Por: Leonardo Padrón
Maritza lleva ya siete horas en la cola del Bicentenario. En ese lapso ha tomado café cuatro veces, ha escupido dos chicles, ha tomado malta y agua, charlado con sus vecinas de cola (muy poco simpáticas, la verdad) y chateado hasta el hartazgo con casi todos sus contactos telefónicos. Está preocupada porque la batería del celular agoniza y aún está a más de cien metros de la entrada al supermercado. Se va a quedar sin opciones para neutralizar el aburrimiento. Le duelen los pies, pero no se ha querido sentar en el suelo porque sus leggings azules son una reciente adquisición y no quiere iniciar su deterioro. Interiormente, riñe con su vanidad: querer lucir bien en una cola del Bicentenario es una coquetería estéril. Un militar que custodia la cola parece más bien querer vigilar sus piernas. Eso la pone de peor humor. Sólo desea que esta vez no haya desorden, empujones y gritos como la semana anterior. El fantasma del saqueo ronda. Lo sabe. Y también sabe que el militar que la bucea no merece ni una sonrisa suya.

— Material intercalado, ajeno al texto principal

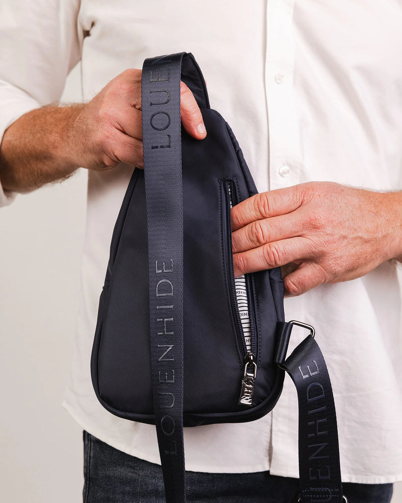 The Louenhide BoydNylon Sling Bag is an on-trend unisex sling bag designed with both style and functionality in mind. Organisation has never been easier with the three-section design, your valuables are within easy reach and secured safely with the stylish gunmetal zippers. Whether you're chasing an urban aesthetic or embodying an off-duty street style, this unisex nylon sling bag adapts to any casual outfit, enhancing your personal style while still offering ultimate practicality. The Boyd Navy features an adjustable sateen webbing guitar strap and a lightweight nylon material for ultimate comfort.

Sí, se siente humillada. Pero tiene tres hijos, un marido y una suegra que alimentar. Mejor cállate, Maritza. La cola avanza diez pasos.
Al salir del local está satisfecha. Lleva dos paquetes de arroz, aceite, algo de harina, pasta y mantequilla. Y lo mejor: pollo y dos kilos de carne. Una carne espantosa, pero ni modo. Va cargada de bolsas. Siente que tiene un pequeño tesoro. Sus hijos van a cenar mejor hoy. Su marido se sentirá orgulloso. Son alegrías extrañas, que antes ni existían. Se pregunta si así será en los países cuando están en guerra. Apura el paso. De pronto, siente un tirón que hala sus leggings hacia abajo dejándola imprevistamente en pantaletas. Siente la ráfaga de aire en las piernas. Suelta las bolsas para subirse el pantalón. En el acto, dos muchachos toman del suelo las bolsas de comida y huyen. Maritza grita, corre tras ellos cinco, diez, treinta metros. Busca al militar que la buceaba sin pudor y ahora no aparece. Se detiene. Ha perdido la comida, el dinero, el esfuerzo, el día de trabajo. Y el control.
Maritza se sienta a llorar en el suelo. No puede parar. Sus leggings se manchan de revolución. Y de desencanto.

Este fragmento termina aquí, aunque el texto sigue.